Univ Angers, CHU Angers, Univ Rennes, Inserm, EHESP, Irset (Institut de recherche en santé, environnement et travail) - UMR_S, IRSET-ESTER, SFR ICAT, CAPTV CDC, Angers, France.
Octopize, Nantes, France.
PLoS One. 2024 Jul 31;19(7):e0308063. doi: 10.1371/journal.pone.0308063. eCollection 2024.
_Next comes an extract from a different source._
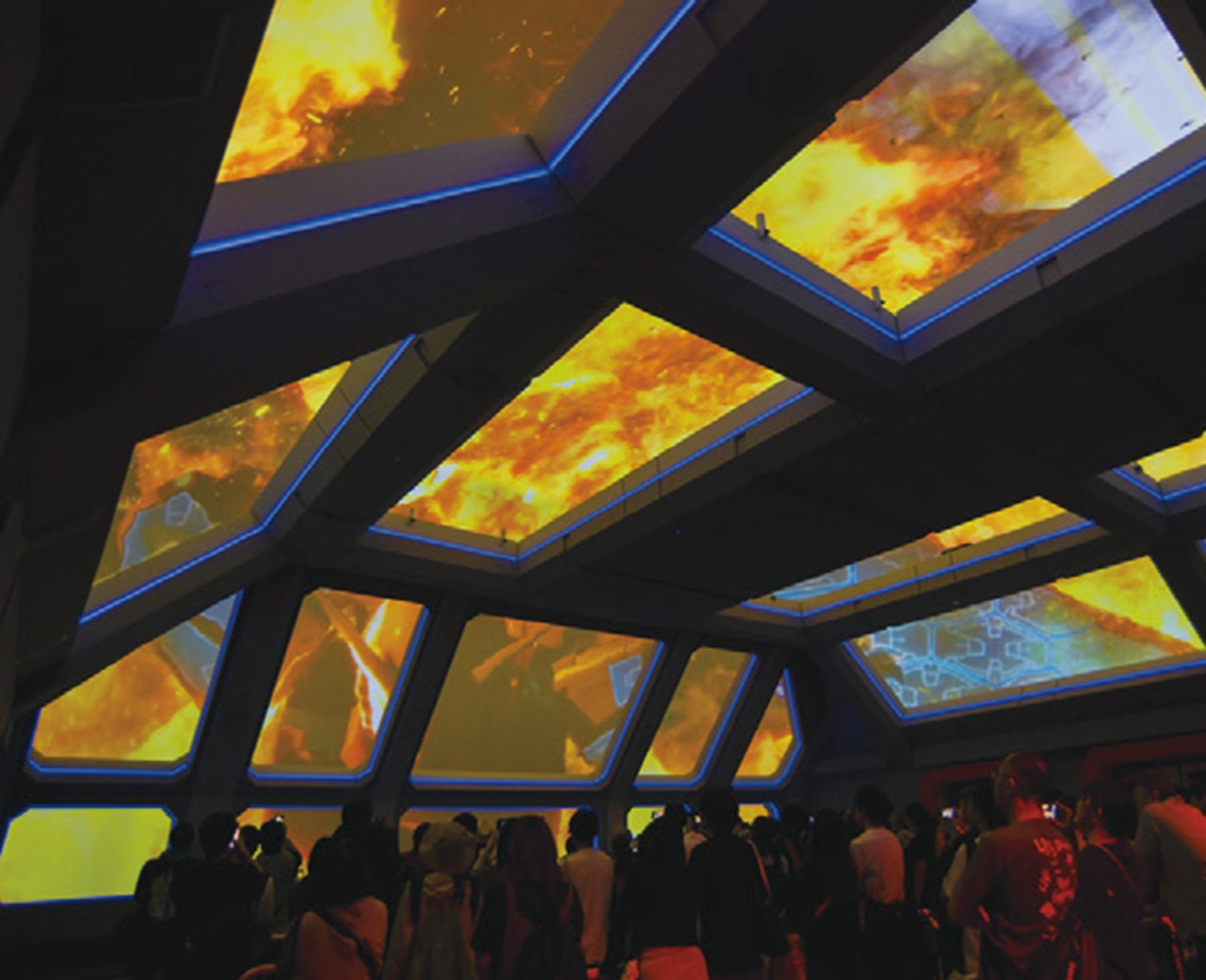 奥行18m、高さ8m超の映像とソニーの触覚提示技術(ハプティクス)で圧倒的な没入感。

Though the rise of big data in the field of occupational health offers new opportunities especially for cross-cutting research, they raise the issue of privacy and security of data, especially when linking sensitive data from the field of insurance, occupational health or compensation claims. We aimed to validate a large, blinded synthesized database developed from the CONSTANCES cohort by comparing associations between three independently selected outcomes, and various exposures.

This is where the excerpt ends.